Bankers' Trust Co. v. Virginia Ry. & Power Co.

273 F. 999, 1921 U.S. App. LEXIS 1571
CourtCourt of Appeals for the Fourth Circuit
DecidedMay 10, 1921
DocketNos. 1878, 1879
StatusPublished
Cited by5 cases

This text of 273 F. 999 (Bankers' Trust Co. v. Virginia Ry. & Power Co.) is published on Counsel Stack Legal Research, covering Court of Appeals for the Fourth Circuit primary law. Counsel Stack provides free access to over 12 million legal documents including statutes, case law, regulations, and constitutions.

Bluebook
Bankers' Trust Co. v. Virginia Ry. & Power Co., 273 F. 999, 1921 U.S. App. LEXIS 1571 (4th Cir. 1921).

Opinion

WOODS, Circuit Judge.

An outline of the complex litigation concerning the light and power companies of the city of Richmond and vicinity is given in a former appeal. 229 Fed. 633, 144 C. C. A. 43. A short statement will suffice to make clear the issue made by the petitions how presented.
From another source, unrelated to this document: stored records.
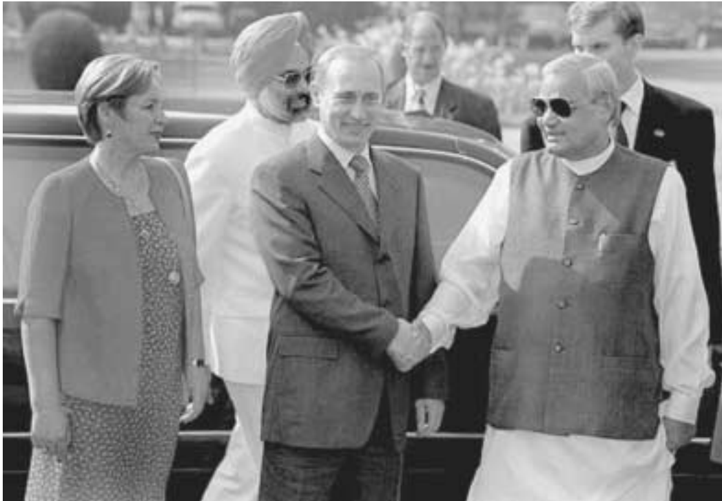
The presently emerging “Strategic Triangle” was first proposed by LaRouche in August 1998. Here, Russian President Vladimir Putin (center) meets with Indian Prime Minister Atal Bihari Vajpayee in New Delhi, during a December 2002 tour that also took him to Beijing.

together with certain reforms that must be made in terms of regional and international monetary-systems arrangements. But under those conditions, if Europe enters into what I’ve called a New Bretton Woods style of agreement, replacing the present monetary system, in that case, then the area of Russia, China, India, and their adjoining nations, will become the greatest market on this planet, for the long term, for a period of a quarter-century to a half-century. These areas of the world, which have some high technology—as China does, obviously, India does, and so forth—can not meet their internal needs, by their own high-technology capacity at this time. China, for example, must move from its characteristics of the past, as a coastal economy, a coastal-region economy, to develop the interior of China. This means large-scale infrastructure, it means water systems, it means new cities, it means all kinds of development. It’s a large area. China can not exist without developing this so-called “internal market,” for its continued economic life.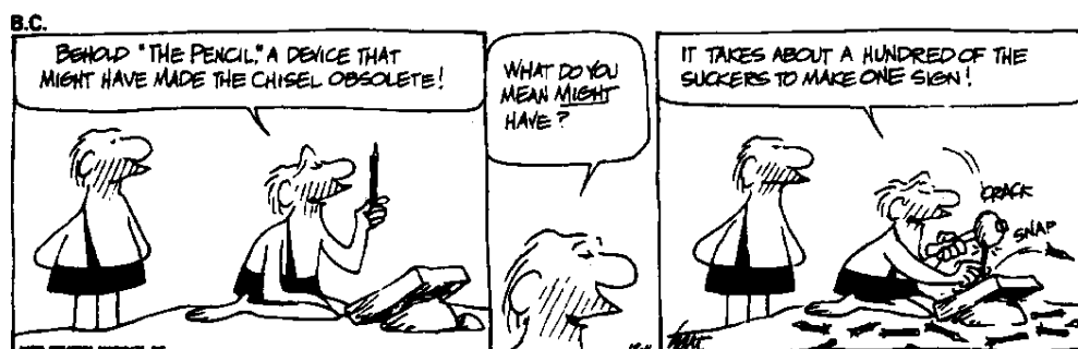
Figure 1.1 B.C. Comic Strip

flexible and dynamic curriculum by taking into account new teaching methods that were made possible by technology (Ministry of Education, 2003). This was a different approach from the current practice of using IT to support an existing curriculum. The mp2 would also seek to change the current predominant pedagogy of a teacher-centred use of IT to a more pupil-centred strategy for learning.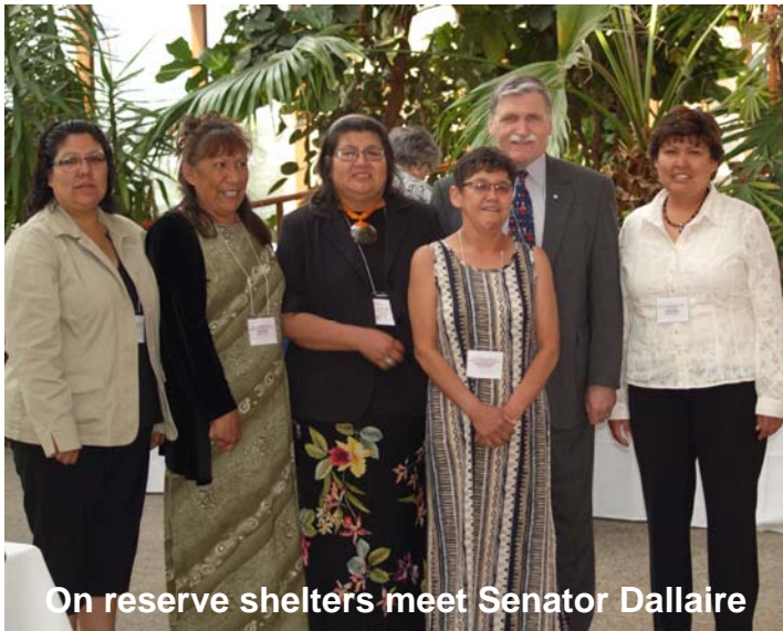
On reserve shelters meet Senator Dallaire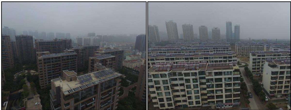
Fig. 6. The embeddedness of SWH in the urban landscape in Rizhao.

In the case of Rizhao, socio-spatial reconfigurations mainly manifest in the formation of industry clusters and the changes in urban infrastructures, consumption culture and social practices. In 2011, there were more than 150 SWH-related enterprises in Rizhao, providing more than 30,000 jobs 13 . In particular, in Ju county, many small SWH-related enterprises cluster around the production base of MUYANG (D32). The urban built environment is reconfigured around SWH popularization. Fig. 6 illustrates the embeddedness of SWH in the urban landscape in Rizhao (D33). Residents' daily practices are also reshaped around new energy technologies. For instance, the interviews revealed that in relatively under-developed areas in Rizhao, the possession of a SWH is regarded as a symbol of social status, and it is even listed as one of the "must-have items" for a marriage, just as color TV and washing machines 14 (D33) (Interview, End-user). This is a typical case of the reconfiguration process of residents' consumption culture and the embeddedness of solar energy into the local contexts.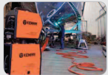
Traditional motor pistols and spool gun designs increase weight and strain on the operator's wrist and are limited by their distance, filler wire, or volume welding capability. The SuperSnake GT02S resolves all of these issues, while reducing the weight and strain on the operator's wrist by using standard welding guns.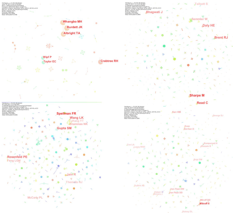
Fig. 1 The co-authorship mapping from uncited USA publications for Chemistry Organic (upper-left), Engineering Environmental (lower-left), Economics (upper-right) and Management (lower-right)

Inspection of the four networks in Fig. 1 show that they all exhibit a comparable structure in which there are large numbers of small families (the largest being a single Engineering Environmental grouping containing 24 members). For example, the network based on the uncited USA Chemistry Organic publications contained 158 productive author nodes and 118 co-authorship links: these yielded a total of 36 families containing between 2 and 7 individuals, with the remaining 47 productive authors unlinked. The ratio of the number of links to the number of nodes is 0.75, with the corresponding figures for Economics and Management being 0.63 and 0.53, respectively; that for Engineering Environmental is 1.05, representing a more highly linked structure than for the other three disciplines. However, it will be clear that in all networks, the great majority of the families consist of just two or three authors. Figure 2 and Table 4 describe the corresponding networks based on the cited publications. It will be seen that the structures here are very different: while there are again many small, two-or three-membered communities, all four networks are dominated by a single, enormous community, a sort of extended research family: that for Economics contains 97 authors while those for the other three disciplines all contain over 200 authors.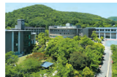
*Tracks Offered: IJL, RCJ, RCE

Kinugasa Campus (KIC) is the perfect example of Kyoto's harmonization between the traditional and the modern, and is a serene environment for education. Kinugasa is the university's center of liberal arts, social science and humanities studies.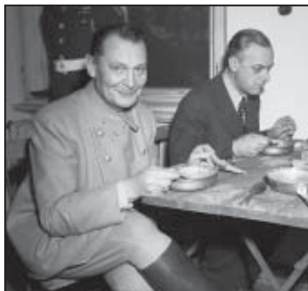
Far from the lifestyle he was accustomed to, a smiling Hermann Goering eats lunch next to Alfred Rosenberg during the later Nuremberg trials

Goering explained, “No, he was born a bastard . His biological father was a Jew, but his legal father was a Christian.” In this case, as in others, the law could be stretched if it was convenient to do so. “In Germany, a Jew is whoever I say is a Jew,” said Goering.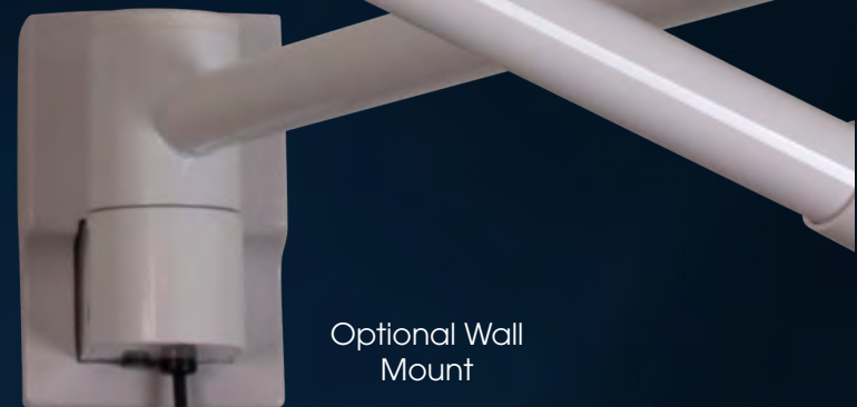
Optional Wall Mount

A consolidated suit was brought in the District Court, looking to the foreclosure of mortgages on a number of light and power companies in the city of Richmond and vicinity, among them the Virginia Passenger & Power Company and the Richmond Passenger & Power Company. One of the consolidated suits for foreclosure was that of the Metropolitan Trust Company, trustee of a mortgage securing $1,000,000 bonds of the Richmond Company, known as debenture bonds. In the litigation the Metropolitan Trust Company alleged that the Virginia-Company, by purchase of the stock of the Richmond Company, had secured complete control and management of that corporation, and had diverted assets of the Richmond Company for the benefit of the Virginia Company, thus unlawfully decreasing the security of the holders of the debenture bonds and increasing the value of the property under the mortgages of the Virginia Company. The Metropolitan Trust Company insisted that the foreclosure sale should not be made until the rights under this allegation had been ascertained. The court ordered the sale, preserving the rights of the Trust Company and of the debenture bondholders by this provision of the decree:

“The court reserves the right to hereafter determine all questions In connection with the diversion of earnings, business, property, and income to the Virginia Passenger & Power Company from the Richmond Passenger & Power Company, as set forth in the pleadings herein and the reports of the special master, and to enforce against the property purchased and the earnings and income thereof in favor of the said Metropolitan Trust Company of the City of New York, as trustee, and the petitioners, Howe and others, and the debenture bondholders, any lien or claim to which the said trustee or bondholders shall be entitled, and to afford such trustee on bondholders and petitioners such other and further relief as to such alleged diversion with respect to such purchaser, his successors and assigns, and the property pur[1001]*1001chased, as the court shall determine to be just and equitable, the intent being that the rights of the Metropolitan Trust Company of the City of New York, as trustee, and the debenture bondholders and of the petitioners, Howe and others, to establish any claim they may have for diversion of earnings, property, business and income of the Richmond Passenger & Power Company by the Virginia Passenger & Power Company, or the receivers herein, and to enforce against the property purchased any claim or lien, legal or equitable, to which they may be entitled, and to apply any money or property recovered to the benefit of the debenture bondholders, in all respects as if this decree had not been made.”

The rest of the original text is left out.